Однажды, когда встретились кое-какие трудности и мне было нужно сосредоточить все внимание моих учеников на том, о чем шла речь, этот парень нахальнее обыкновенного принялся за свои штуки. Что оставалось делать? Один мешал пятидесяти… Будь на его месте обыкновенный деревенский мальчишка-проказник, забывающий о месте и времени, сын заурядного крестьянина-бедняка, я, вероятно, и на этот раз постарался бы словами убежденья усмирить его. Но тут во всех движениях и позах, в каждом взгляде и в усмешке сказывалось нахальство, ясно говорившее всем: «Я и в школе так же, как на улице, делаю все, что хочу… не так, как вы!»

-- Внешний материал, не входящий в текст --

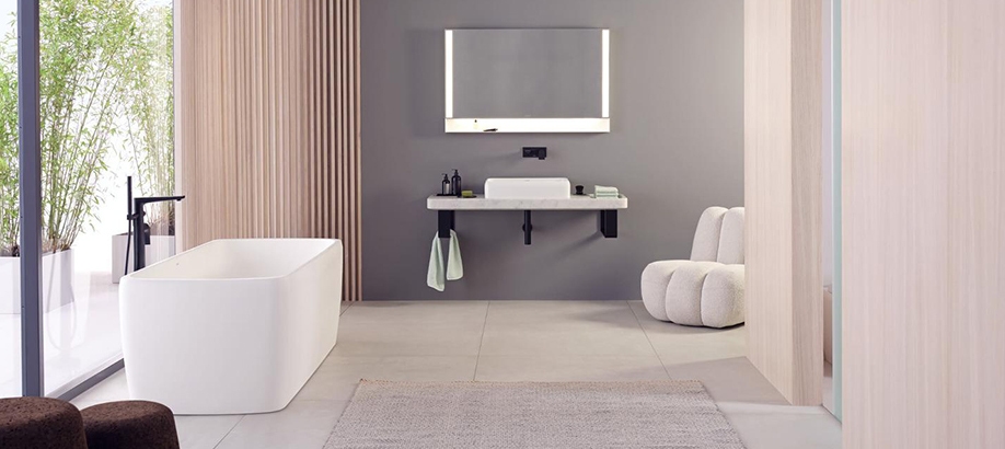 Nella collezione Duravit Qatego trovi anche specchi e spaziosi armadietti a specchio, perfetti per contenere in ordine tutti i prodotti bagno. Gli specchi dispongono di una pratica illuminazione LED e sono controllabili tramite un sensore touchless.

Взял я этого «привилегированного» баловня и вытащил из школы на крыльцо.
— Ты один всем мешаешь! — резко сказал я ему. — Сам не хочешь учиться, так не учись, а другим не мешай! Убирайся!
И захлопнул за ним дверь. Парень, по-видимому, был ошеломлен…
Подобный поступок с моей стороны, может статься, был вовсе не педагогичен. Не спорю: учитель более опытный, постарше меня, может быть, действовал бы в таком случае иначе… Но что ж делать! Я уже сказал, что был не подготовлен к учительству и нес на служение делу лишь искреннее желание быть добросовестным и исполнить дело, как могу и как сумею лучше.
Через день, сколько помнится, парень опять появился на нашем горизонте. Он, очевидно, не смел войти в школу, но, мрачный и молчаливый, толкался в сенях. Я нашел его перед дверьми школы.
— Ты зачем здесь? — спросил я его.
— Отец послал… — промолвил он, не глядя на меня.
Отец, вероятно, велел ему пойти просить у меня прощенья, но мальчуган стоял, молча, как истукан. По-видимому, ему было трудно попросить извиненья, т. — е. выговорить обычную, заученную фразу. Последнее обстоятельство меня несколько расположило к нему.
— Ну, ладно! Помиримся на первый раз… Но если ты не перестанешь мешать нам, я совсем прогоню тебя из школы!